About this exercise :: Everything in the listing below must be reproduced exactly, apart from its images.

Given material Start Marker

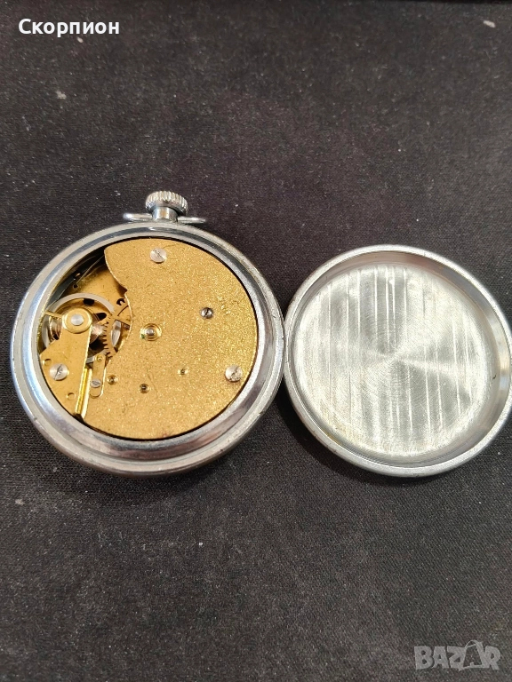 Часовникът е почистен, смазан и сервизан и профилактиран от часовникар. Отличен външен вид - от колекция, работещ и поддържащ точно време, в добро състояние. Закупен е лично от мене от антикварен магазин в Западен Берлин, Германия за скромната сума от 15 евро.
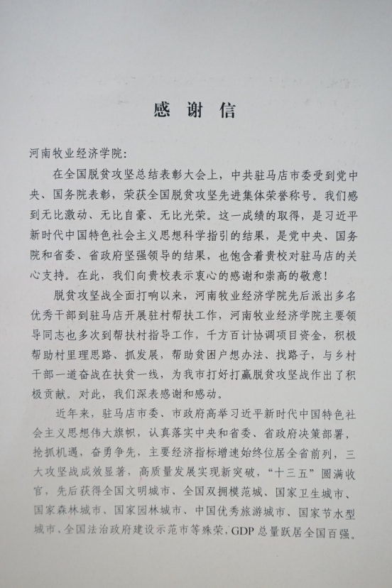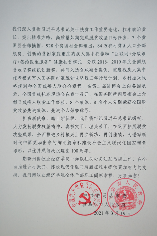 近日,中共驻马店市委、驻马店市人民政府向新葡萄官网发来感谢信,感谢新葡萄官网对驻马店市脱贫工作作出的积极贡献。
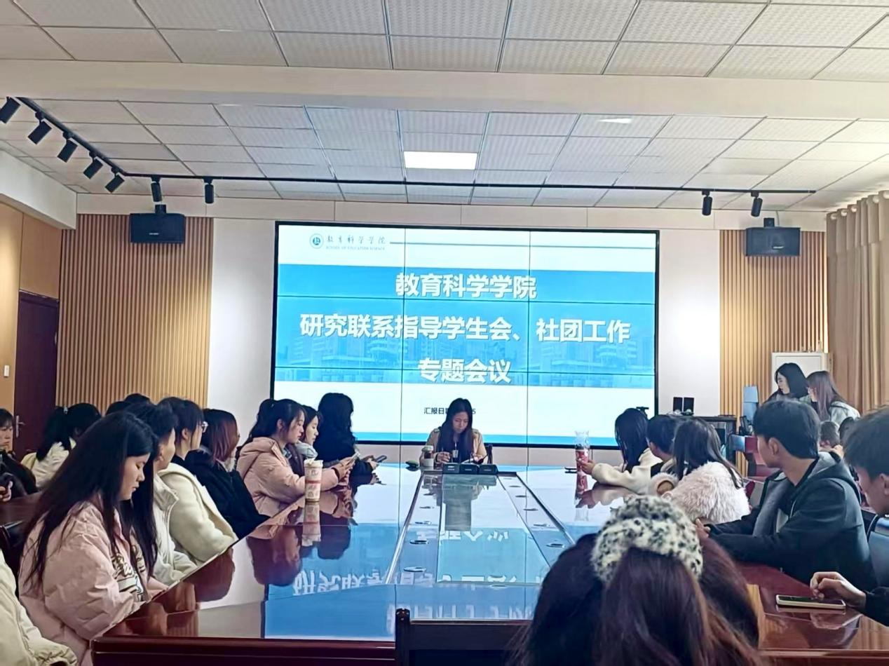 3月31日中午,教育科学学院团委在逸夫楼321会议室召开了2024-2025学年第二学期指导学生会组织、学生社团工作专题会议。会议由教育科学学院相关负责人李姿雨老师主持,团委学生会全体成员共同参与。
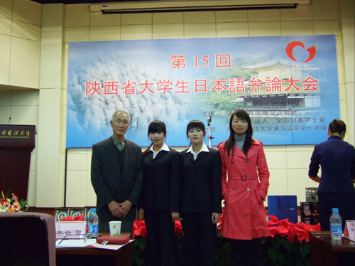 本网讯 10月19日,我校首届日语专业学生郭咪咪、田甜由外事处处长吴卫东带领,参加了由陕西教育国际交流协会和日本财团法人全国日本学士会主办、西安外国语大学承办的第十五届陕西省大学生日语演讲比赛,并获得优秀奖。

Given material End Marker

Answer area ::
 Часовникът е почистен, смазан и сервизан и профилактиран от часовникар. Отличен външен вид - от колекция, работещ и поддържащ точно време, в добро състояние. Закупен е лично от мене от антикварен магазин в Западен Берлин, Германия за скромната сума от 15 евро.
 近日,中共驻马店市委、驻马店市人民政府向新葡萄官网发来感谢信,感谢新葡萄官网对驻马店市脱贫工作作出的积极贡献。
 3月31日中午,教育科学学院团委在逸夫楼321会议室召开了2024-2025学年第二学期指导学生会组织、学生社团工作专题会议。会议由教育科学学院相关负责人李姿雨老师主持,团委学生会全体成员共同参与。
 本网讯 10月19日,我校首届日语专业学生郭咪咪、田甜由外事处处长吴卫东带领,参加了由陕西教育国际交流协会和日本财团法人全国日本学士会主办、西安外国语大学承办的第十五届陕西省大学生日语演讲比赛,并获得优秀奖。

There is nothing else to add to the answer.